Problem requirements: From the listing below, restate word for word the lines from the line containing "- LS에코에너지 (30,300원" down through the line containing "Yedid Nefesh: Poem". Exclude pictures.

Material to process START

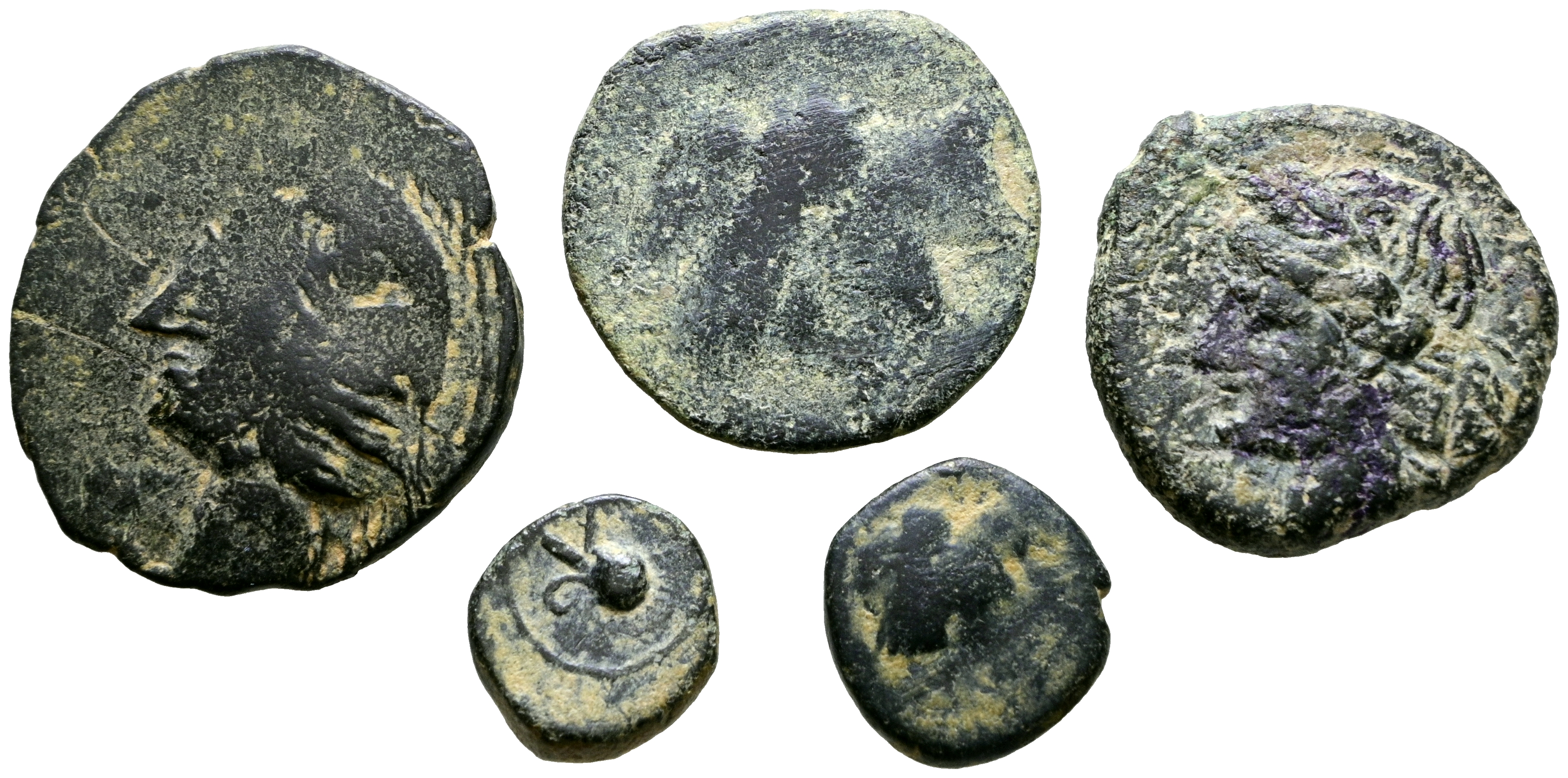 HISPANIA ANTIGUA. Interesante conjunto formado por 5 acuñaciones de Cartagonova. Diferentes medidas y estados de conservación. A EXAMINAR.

Material to process END
Material to process START

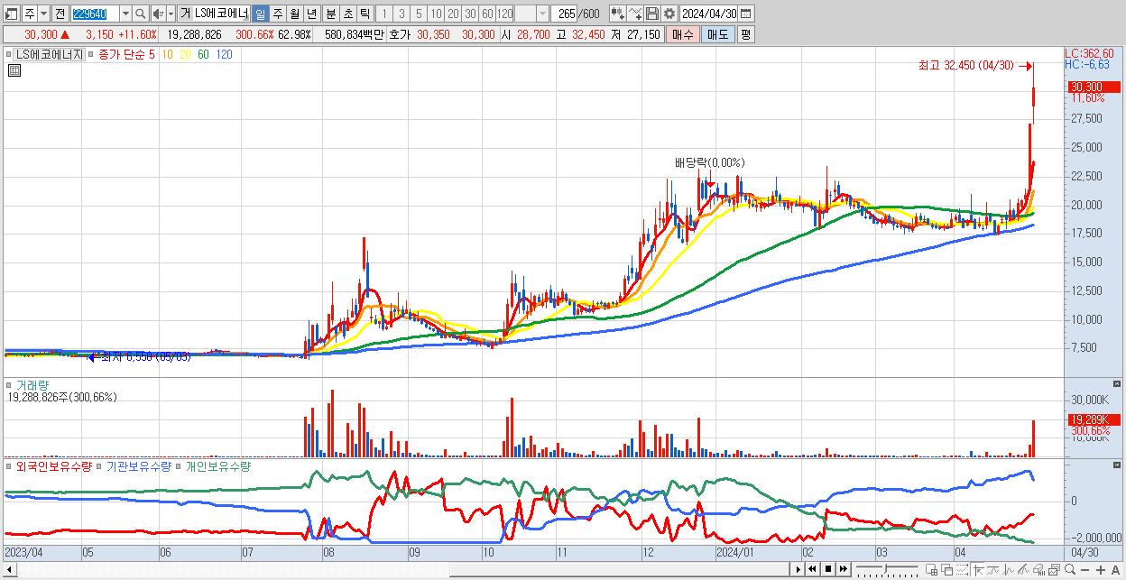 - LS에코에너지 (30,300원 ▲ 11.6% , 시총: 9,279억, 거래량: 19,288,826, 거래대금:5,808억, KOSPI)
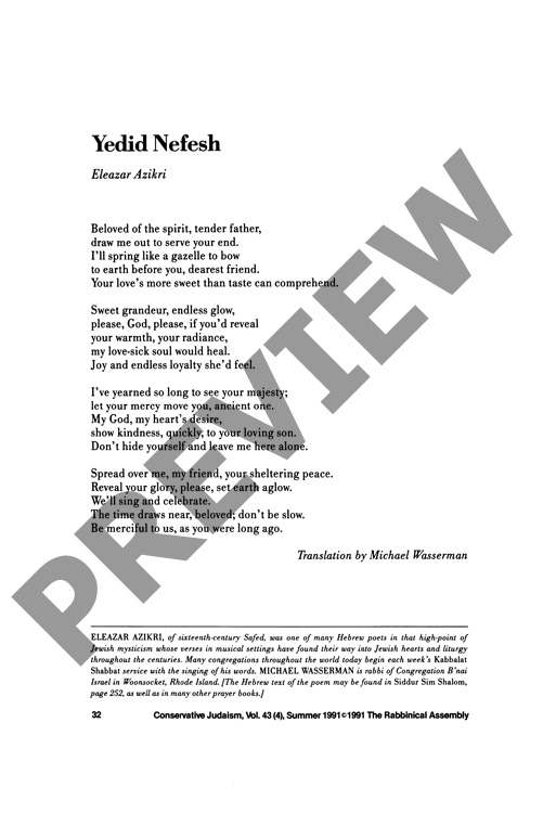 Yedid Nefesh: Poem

Material to process END

Answer for the task:
 - LS에코에너지 (30,300원 ▲ 11.6% , 시총: 9,279억, 거래량: 19,288,826, 거래대금:5,808억, KOSPI)
 Yedid Nefesh: Poem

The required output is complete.